In any case, we would still arrive at the exact same resolution even if we were to accept the fiction of 37 states.
It is the law that where the precise obligation incident on any person is not determinable, the law shall impose a lesser, rather than a greater obligation.
There is no such thing as two-thirds of 37 states because 2/3 of 37 is 24.6 plus.
While a mathematician might be inclined to then round up the 0.6 to a whole number, 1, thus bringing us to 25 states, and, thus a greater obligation than what was legally envisaged, the law actually requires us to round it down to 24 in order that a lesser obligation, be thereby imposed.
Thus what the law requires is 25% in any 24 states provided that the FCT Abuja, shall suffice as one of those states, where the winner has 25% in Abuja but only in 23 of the 36 states.
While waxing needlessly verbose on his frolic into legalism, Kotoye also apparently failed to imagine the potential unworkability of his prescription.
Suppose we had just three candidates for a presidential election and one of them scored 10 million votes and made 25% in 24 states but not in Abuja; the other scored 5 million and made 25% in 23 states and also in Abuja; and, the third scored two and a half million votes with one quarter in 24 states and in addition to that, 25% in Abuja?
In this scenario, wherein a winner had clearly emerged, nevertheless going by Kotoye’s approach to the topic, we wouldn’t have a President-elect but would have to conduct the election all over again!
Learned Silk Kotoye is an exceedingly brilliant lawyer and most erudite legal luminary.
Nevertheless, in this particular instance, he only ended up treating us to an entirely unwanted intervention having completely veered off tangent into the realm of the pointlessly academic and, even worse, the most abhorrently and indefensibly legalistic.
Legalism, of course, is the redoubt of the lazy lawyer and refuge of the indolent judge.
Whatever else it is or is not, legalism is universally derided as an abomination to jurisprudence, and rightly so.
There are too many people in this country willing to waste their time over shenanigans.

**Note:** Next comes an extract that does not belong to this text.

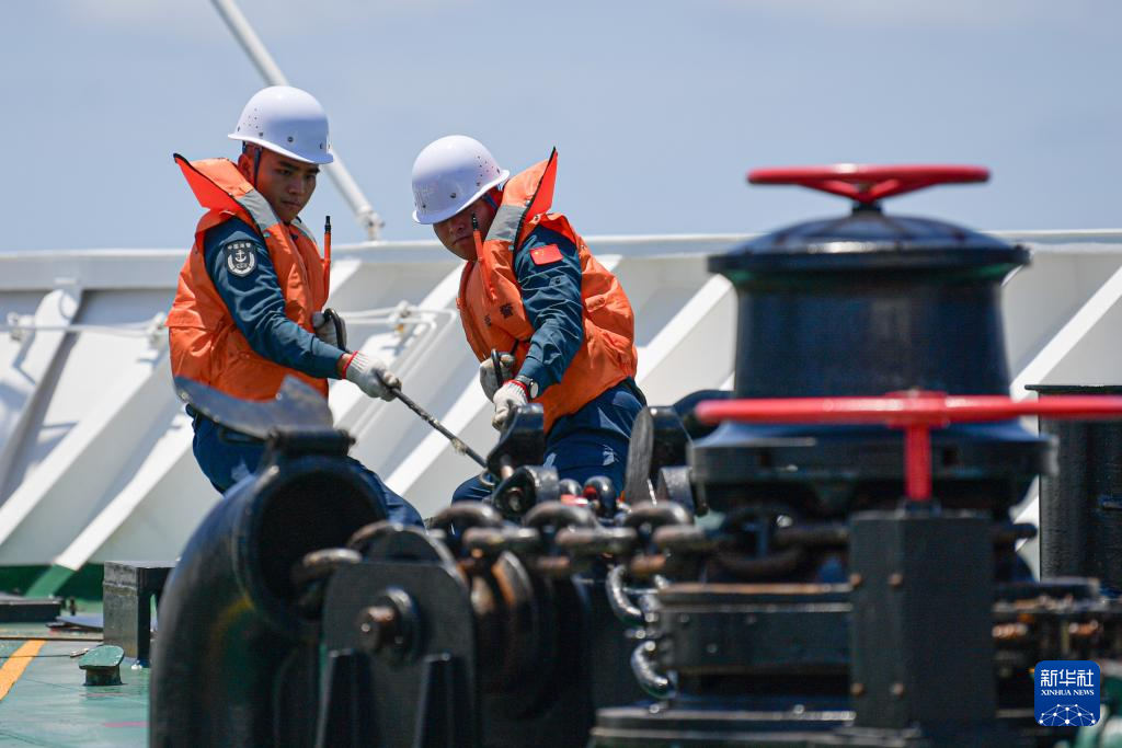 在巡航值守于中国南沙群岛仁爱礁海域的华阳舰上,海警执法员演练翻转锚链(5月6日摄)。新华社记者 蒲晓旭 摄

That is bad enough but what is even more condemnable is their proclivity for also wasting the time of the rest of us while engaged in their inanities.

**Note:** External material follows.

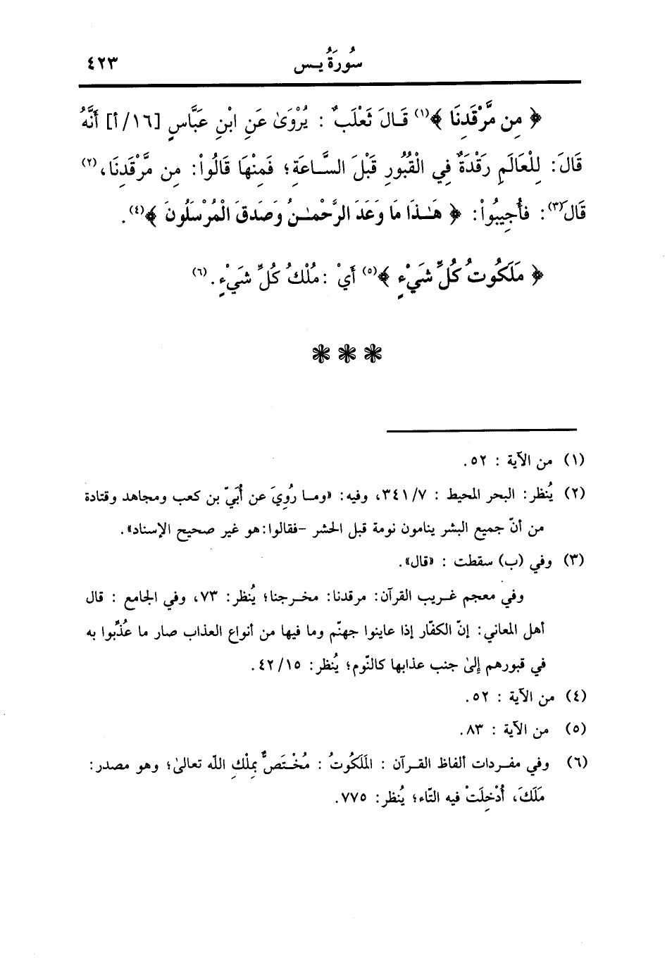 {من مرقدنا} قَالَ ثَعْلَب: يرْوى عَن ابْن عَبَّاس انه [16 / أ] قَالَ: للْعَالم رقدة فِي الْقُبُور قبل السَّاعَة، فَمِنْهَا قَالُوا: من مرقدنا، قَالَ: فأجيبوا: {هَذَا مَا وعد الرَّحْمَن وَصدق المُرْسَلُونَ} . {مَلَكُوتُ كُلِّ شَيْءٍ} أَي: ملك كل شَيْء.

Such tendencies are unwholesome, quite apart from being unhelpful and inimical to nation building.
It is not at all true that we have any questions regarding our constitutional provisions for electing a President for our country.
Indeed, our Constitution is not at all vague or vacuous as to what is to be fulfilled in order to win a presidential election.
Where there are more than two candidates, whomsoever amongst them has scored the highest number of votes and made at least one quarter in no less than two-thirds of the the states of the Federation, in so far as the FCT, Abuja, may suffice as one of those states, and, as determined by the Independent National Electoral Commission, INEC, and declared winner by that same INEC to whom a presumption of regularity applies in that regard, has won the election and thereby returned elected.
Asiwaju Bola Tinubu is the one that made the cut this election cycle.
You do not have to like him but according to the law to which we are all subject, he is the winner, was returned elected, and is the President-elect of Nigeria.
Onokpasa, a lawyer, and member, All Progressives Congress, APC Presidential Campaign Council, writes from Abuja.